Right, but this doesn't change that; in fact, increased rental stock probably increases affordability, both directly and in a bunch of knock-on ways involving zoning and variance decisions.
The article is about investment companies purchasing houses at a premium driving up the cost of ownership and renting. The article provides examples of this, not just speculation. People are seeing this happen in their communities, including my own, so I don't think it's enough to say "probably increases affordability". If you weren't able to read the article because of the paywall, see link below.
I've read the article (again) and I don't see it providing examples of these firms having a significant impact on rent; if I then go to one of the large firms they link to (Invitation Homes) and look at their rental stock in my area, it's not only broadly in line with what home rental prices are, but the numbers are roughly where they were 5 years ago, too.
This article is linked in the main article which talks about the rising rental rates. Invitation homes talked about in the article is owned by Blackrock.
That is incredible that your rental prices have remained roughly the same over the last 5 years. Invitation homes is also in my area (PNW) and yes, checking their website, their rates are in line with other rates in the area... except... these are rates which have grown 10% YOY for the past 8 years. It's the same story for the cost of homes. I sold my home this year for 50% more than what I paid for it exactly 4 years ago.

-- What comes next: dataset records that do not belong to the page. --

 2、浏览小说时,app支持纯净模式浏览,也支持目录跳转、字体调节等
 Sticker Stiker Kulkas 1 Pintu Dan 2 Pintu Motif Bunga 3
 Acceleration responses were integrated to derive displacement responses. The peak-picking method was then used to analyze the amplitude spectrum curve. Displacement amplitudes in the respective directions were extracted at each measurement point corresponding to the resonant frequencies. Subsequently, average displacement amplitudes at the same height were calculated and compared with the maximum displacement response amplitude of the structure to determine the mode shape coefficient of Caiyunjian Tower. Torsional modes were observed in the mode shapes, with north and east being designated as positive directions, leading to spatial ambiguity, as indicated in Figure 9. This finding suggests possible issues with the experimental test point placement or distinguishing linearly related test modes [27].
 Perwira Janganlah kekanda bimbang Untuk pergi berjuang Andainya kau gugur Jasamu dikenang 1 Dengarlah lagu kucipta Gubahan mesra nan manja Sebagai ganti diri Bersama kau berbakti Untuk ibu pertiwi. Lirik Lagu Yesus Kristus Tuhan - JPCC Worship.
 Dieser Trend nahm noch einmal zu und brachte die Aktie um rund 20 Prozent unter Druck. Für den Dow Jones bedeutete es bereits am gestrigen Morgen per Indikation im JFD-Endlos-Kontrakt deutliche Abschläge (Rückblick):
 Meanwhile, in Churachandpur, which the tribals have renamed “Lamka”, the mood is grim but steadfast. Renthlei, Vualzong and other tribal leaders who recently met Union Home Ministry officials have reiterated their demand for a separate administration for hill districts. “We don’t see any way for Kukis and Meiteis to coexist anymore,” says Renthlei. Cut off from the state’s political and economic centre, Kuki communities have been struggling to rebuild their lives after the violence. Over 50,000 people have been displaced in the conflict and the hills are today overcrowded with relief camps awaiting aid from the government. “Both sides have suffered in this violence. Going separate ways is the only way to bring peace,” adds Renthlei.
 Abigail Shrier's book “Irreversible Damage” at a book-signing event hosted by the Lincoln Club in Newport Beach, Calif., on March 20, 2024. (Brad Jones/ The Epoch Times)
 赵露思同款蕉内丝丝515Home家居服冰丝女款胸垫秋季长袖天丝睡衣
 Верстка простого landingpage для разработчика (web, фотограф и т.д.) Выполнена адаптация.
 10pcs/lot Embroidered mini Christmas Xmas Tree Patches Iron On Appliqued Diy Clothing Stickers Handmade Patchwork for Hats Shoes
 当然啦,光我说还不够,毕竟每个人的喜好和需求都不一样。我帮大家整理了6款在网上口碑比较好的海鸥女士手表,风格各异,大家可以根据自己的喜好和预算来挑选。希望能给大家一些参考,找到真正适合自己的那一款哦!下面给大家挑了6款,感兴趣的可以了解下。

Rent for homes in that neighborhood (identical homes) went from 1700 to 2700 (60%) in that same timeframe.
If anything, hopefully we can realize that we live in drastically different housing markets and that affects our opinions on the subject.
To my mind that backs his thesis. External factors are driving home prices in your area to increase and similarly not in his neighborhood. The existence of a blackrock investment isn’t casually linked to those prices (at least not in a simple form).